A Logical Deduction of Love: Sherlock’s Best Man Speech

"John Watson. My friend, John Watson. John. When John first broached the subject of being best man, I was confused. I confess at first I didn’t realize he was asking me. When finally I understood, I expressed to him that I was both flattered and surprised. I explained to him that I never expected this request and I was a little daunted in the face of it. I know that it’s promised that I would do my very best to accomplish a task that was, for me, as demanding and difficult as any I’d ever contemplated. Additionally, I thanked him for the trust he placed in me and indicated that I was, in some ways, very close to being moved by it.

"It later transpired that I said none of this out loud.

"I’m afraid, John, I can’t congratulate you. All emotions, in particular love, stand opposed to the pure cold reason I hold above all things. A wedding is, in my considered opinion, nothing short of a celebration of all that is false and specious and irrational and sentimental in this ailing and morally compromised world. Today we honor the death watch beetle that is the doom of our society and in time, one feels certain, our entire species.

"But anyway, let’s talk about John.

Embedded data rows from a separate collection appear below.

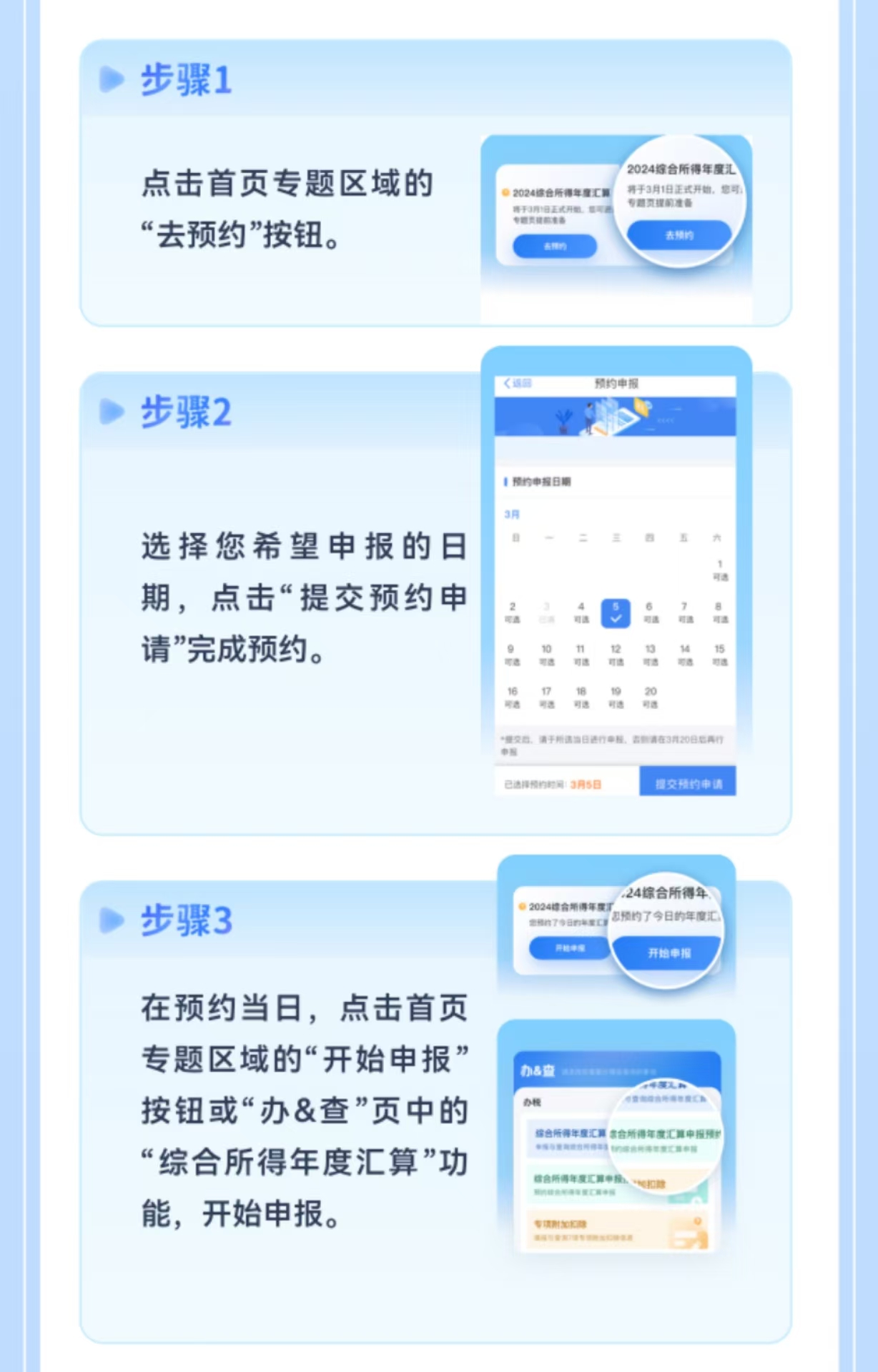 今年仅需“三步”就能在手机上完成2024年度个税汇算预约及申报。首先,打开个税APP,点击首页专题区域的“去预约”按钮,或页面下方“办&查”按钮,在“办税”栏目找到“综合所得年度汇算申报预约”,即可进入预约界面。随后,选择自己想要办理业务的时间,点击“提交预约申请”,就完成了预约。最后,在预约当日,点击首页的“开始申报”,核实了自己的收入信息和专项附加扣除信息后,即可完成个税汇算,并按照提醒办理退税或补税。
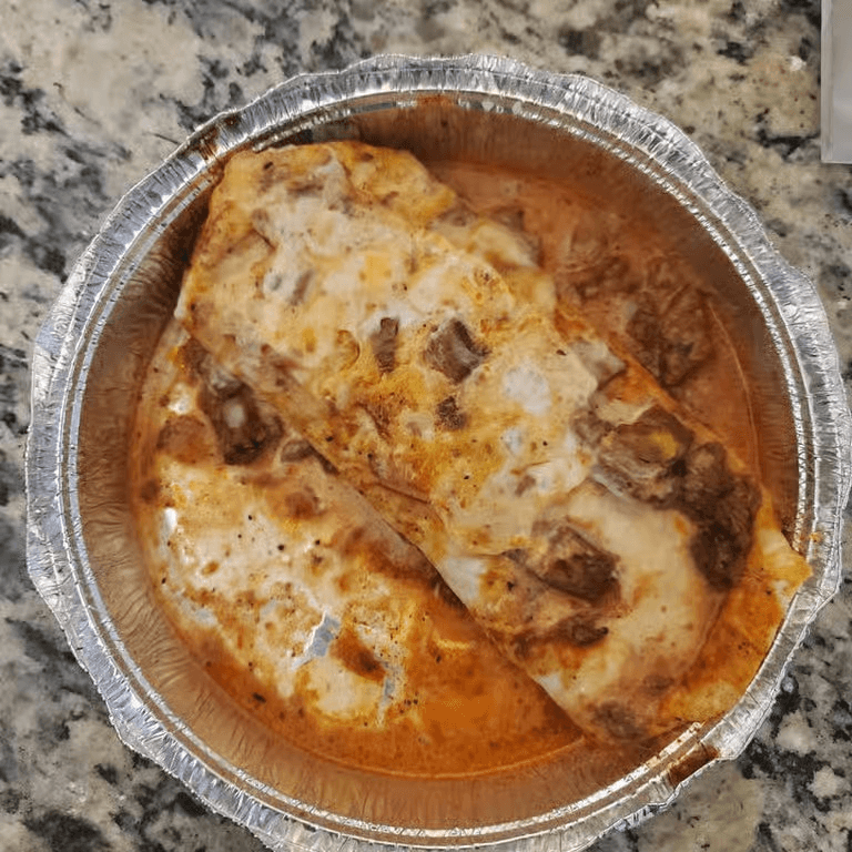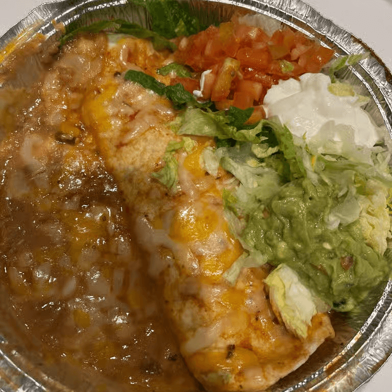 One flour tortilla rolled with ground beef & beans, topped with cheese, lettuce, tomatoes, guacamole, sour cream & rice, or beans on the side, topped with red sauce
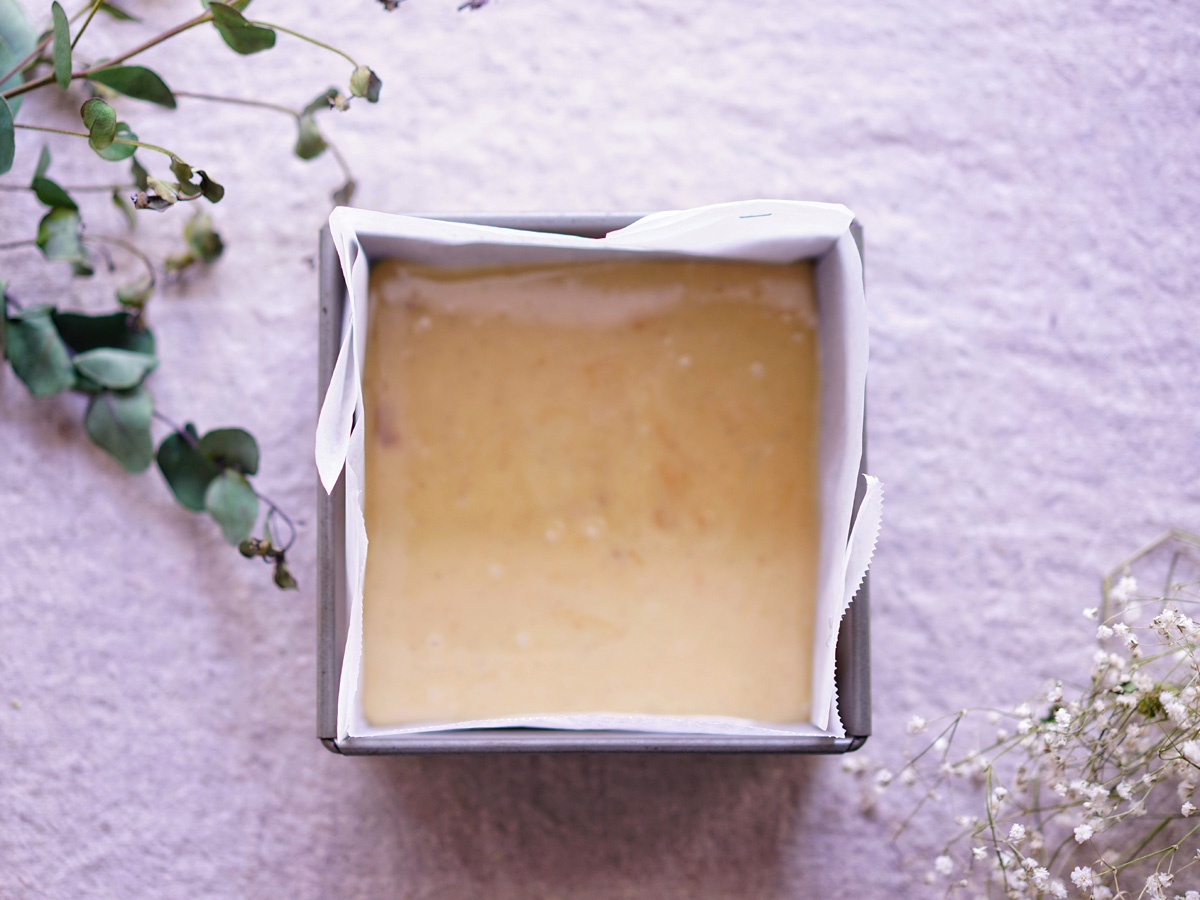 オーブンシートを敷いた角形に流し込んで、固めます。角形がご自宅にない場合は、オーブンシートを折って、4隅をホッチキスで留めた自作の型でも大丈夫です。

If I burden myself with a little help mate during my adventures, this is not out of sentiment or caprice. It is that he has many fine qualities of his own that he has overlooked in his obsession with me. Indeed, any reputation I have for mental acuity and sharpness comes, in truth, from the extraordinary contrast John so selflessly provides. It is a fact, I believe, that brides tend to favor exceptionally plain bridesmaids for their big day. There is a certain analogy there, I feel, and contrast is, after all, God’s own plan to enhance the beauty of his creation. Or it would be, if God were not a ludicrous fantasy designed to provide a career opportunity for the family idiot.

"The point I’m trying to make is that I am the most unpleasant, rude, ignorant, and all around obnoxious asshole that anyone could possibly have the misfortune to meet. I am dismissive of the virtuous, unaware of the beautiful, and uncomprehending in the face of the happy. So if I didn’t understand I was being asked to be best man, it is because I never expected to be anybody’s best friend, and certainly not the best friend of the bravest and kindest and wisest human being I have ever had the good fortune of knowing. John, I am a ridiculous man, redeemed only by the warmth and constancy of your friendship. But as I am apparently your best friend, I can not congratulate you on your choice of companion. Actually, now I can. Mary, when I say you deserve this man, it is the highest compliment of which I am capable. John, you have endured war, and injury, and tragic loss. So sorry again about that last one.

"So know this. Today, you sit between the woman you have made your wife and the man you have saved. In short, the two people who love you most in all this world. And I know I speak for Mary as well when I say we will never let you down, and we have a lifetime ahead to prove that.

"Now on to some funny stories about John."